2009年1月9日星期五

What’s going to happen to SEO in 2009?

Predicting what will happen in the SEO world is pretty much a question of guessing what the engineers and product developers at Google have been working on for the last few months. My predictions last year about the paid link war haven’t really come true so let’s see what happens in 2009.

Google is maturing fast so we can be sure that any changes are tested for a long time internally before being released for bucket testing externally.

The big news for 2008 was that Google didn’t do much in the way of penalising link buyers and sellers. PageRank penalties are purely scare tactics and I don’t know of a single site that has seen reduced traffic as a result of being penalised for link buying or selling.

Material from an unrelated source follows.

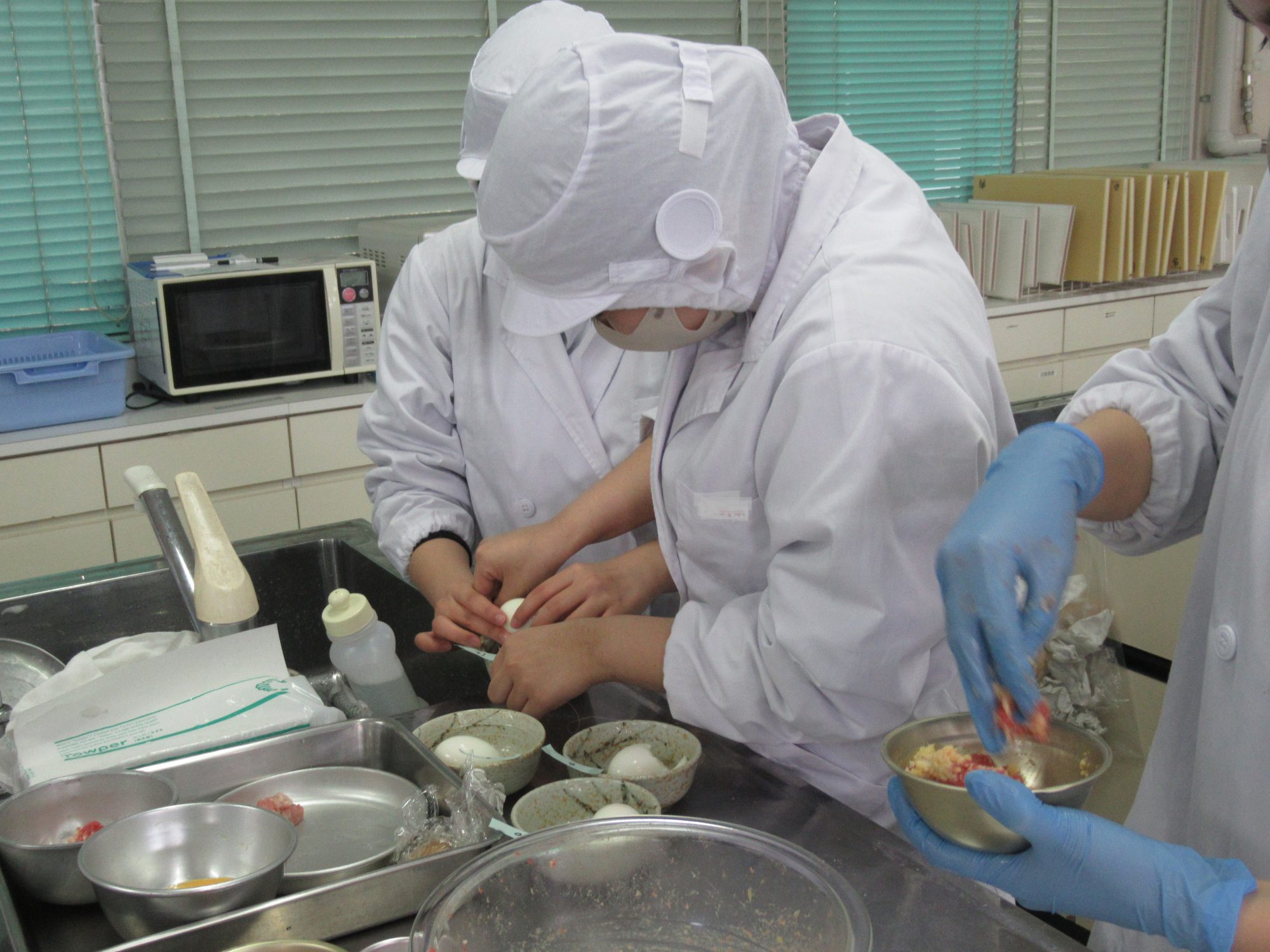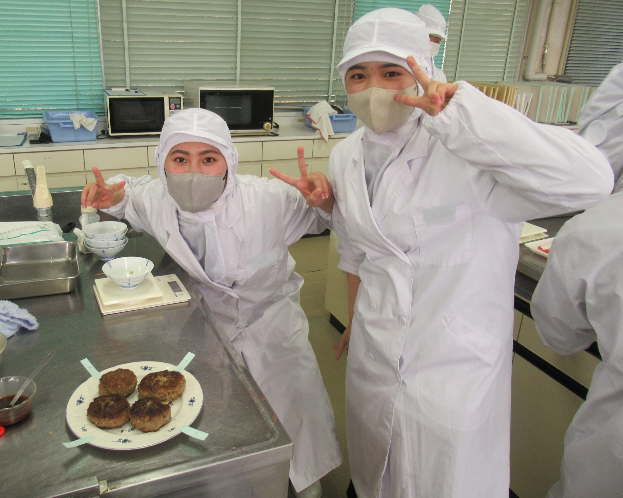 後期の調理学実験についてご紹介します。調理学実験では、調理に関する基礎的実験を通して科学的な視点でとらえる能力を養い、調理学の知識を深め、さらに食品の加工による成分の変化を学びます。 今回の実験では、動物性食品の調理を行いました。たんぱく質分解酵素による肉の軟化効果・ハンバーグの副材料による比較・卵の加熱条件による凝固の実験を通して、動物の筋繊維の特徴や加熱条件などを理解し、それをうまく応用し調理する技術を学びました。

We do know for a fact that Google has spent the last 12 months working on pattern matching algorithms to detect and devalue paid links. This means very little for link sellers because it doesn’t matter to them whether the links they sell pass weight or not.

It means quite a lot to link buyers and SEO companies because the link acquisition strategies that have worked in the past might not continue to work once Google perfects this algorithm.

Most of the blatant link buying we see in the UK comes from in-house SEO teams rather than SEO companies. These in house teams spring up because the company worked with an SEO company a few years back and realised all the SEO company was doing was buying links and decided they could buy links just as well in-house. These teams don’t keep up to date with the latest SEO trends and are wasting thousands of pounds a month buying useless links.

A big issue springing up in the last few months for Branded3 has been how to handle link acquisition for new clients. If Google is cleverly watching for link buying patterns then it’s important to be cautious when starting a link-acquisition campaign in case it trips a filter and causes the links to be devalued.

For example if Google spots a sudden burst of anchor text rich links springing up from a certain class of sites (blogs or directories for example) then they might devalue all the links in bulk rendering the entire campaign useless. However if the links were spread out over a few months with a lot of natural links built in then Google would never be able to detect a patter and the links would be highly valuable."